The Democratic Alliance (DA) in eThekwini has raised strong objections to the recent quarterly service delivery and budget implementation report for the period ending September 30, 2024.
This quarterly audit, compiled by the municipality, is meant to provide key insights into the city’s performance in delivering essential services and meeting community needs.
The report claims a 73.33% achievement of key performance indicators (KPIs), with particularly high scores in governance, responsive local government, and fostering a vibrant city.
How can the municipality claim full marks in governance and responsiveness when essential services are collapsing?

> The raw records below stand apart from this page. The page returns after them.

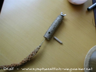 Auch dieser Halter kann durch die Stockschraube an den Käfig oder der Voliere angebracht werden.
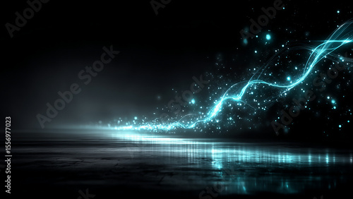 閃光のごとき光の軌跡 - 水面に反射する青いエネルギー背景
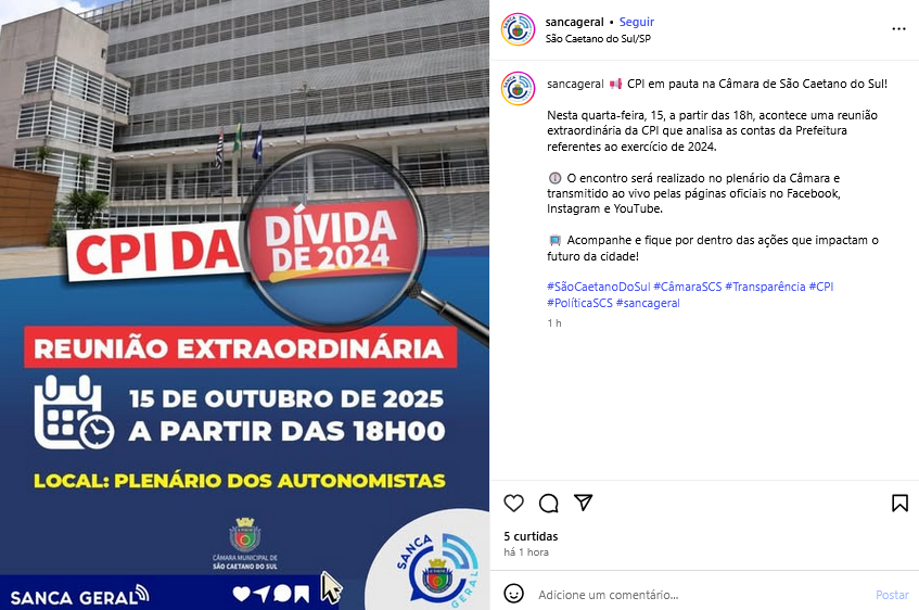 Veículo: Online -> Instagram -> Instagram Sanca Geral
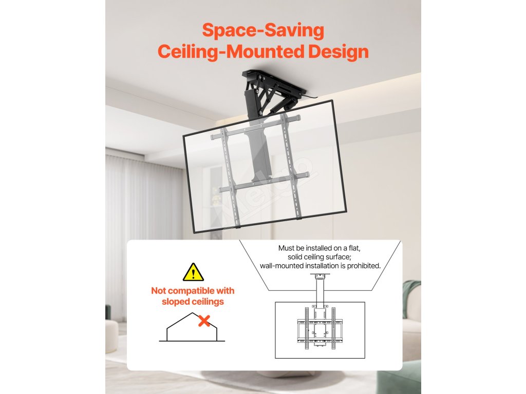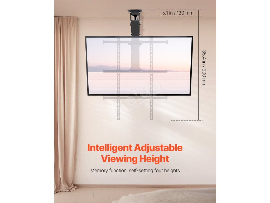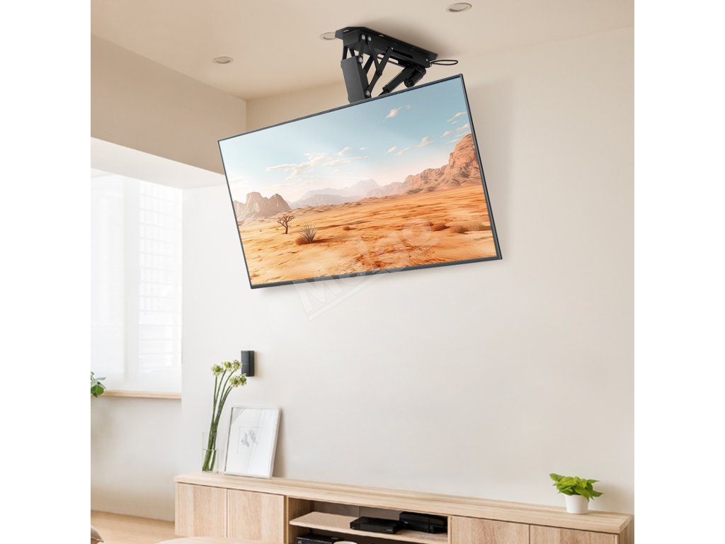 Tento stropný držiak televízora šetrí miesto vďaka stropnej inštalácii. Jeho robustná konštrukcia udrží hmotnosť televízora a diaľkovo ovládaný zdvihák umožňuje flexibilné nastavenie výšky, čím sa zabezpečí optimálny pozorovací uhol v rôznych nastaveniach.
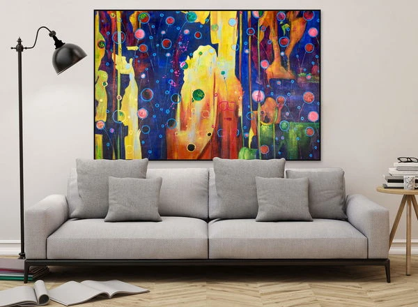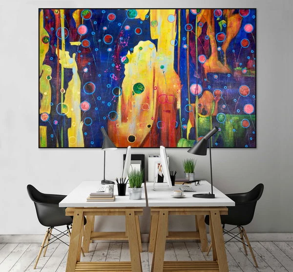 La peinture à l’huile grand format ‘Positive Impacts’ a été consciencieusement réalisée à la main.
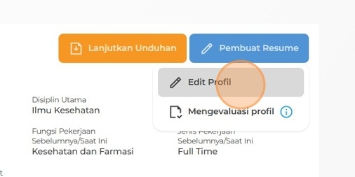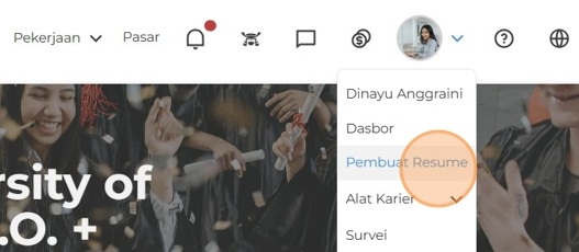 2. Setelah berhasil masuk, Anda akan diarahkan ke dasbor. Arahkan kursor ke ikon profil untuk membuka menu dan pilih Pembuat Resume. Pada halaman profil Anda, klik Pembuat Resume, lalu pilih Edit Profil.
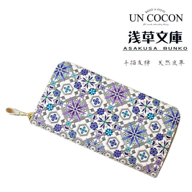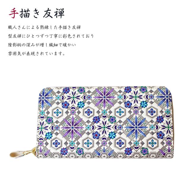 送料無料 夏新作 浅草文庫 長財布 ラウンド 花菱 ブルー 手書き友禅 天然皮革 おしゃれ 可愛い 大人 上品

If KPIs in good governance and city vibrancy are reported as highly successful, then these achievements should be evident in residents’ daily lives. Instead, the people of eThekwini are dealing with persistent water cuts, unreliable electricity, and unmet housing needs. This disconnect is unacceptable and the high scores do not reflect the reality on the ground.

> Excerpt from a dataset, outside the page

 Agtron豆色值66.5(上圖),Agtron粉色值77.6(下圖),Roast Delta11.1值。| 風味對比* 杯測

With persistent water loss figures exceeding 50% and recently implemented water cuts, the Water and Sanitation are one of the services that scored dismally. Residents deserve consistent access to water, yet Water and Sanitation blames a ‘misinterpretation’ of policy for missing their targets. This excuse reflects a deeper failure in leadership that urgently needs to be addressed.
Similar issues plague other departments, with the Electricity department citing material shortages for missed targets, Human Settlements on vehicle and contract delays and Solid Waste attributing its own shortfalls to a lack of data from external recyclers.
The DA rejects these justifications which do not align with principles of good governance, transparency, and accountability that are supposedly reflected in the high KPI scores.
If these KPIs for governance and city vibrancy truly reflected reality, residents would be seeing tangible results.
Residents don’t need flattering numbers on a report, they need reliable water, consistent electricity, clean streets, and dignified housing.
The DA calls on the municipality to set higher, more meaningful standards and to prioritize service delivery that actually impacts the lives of residents.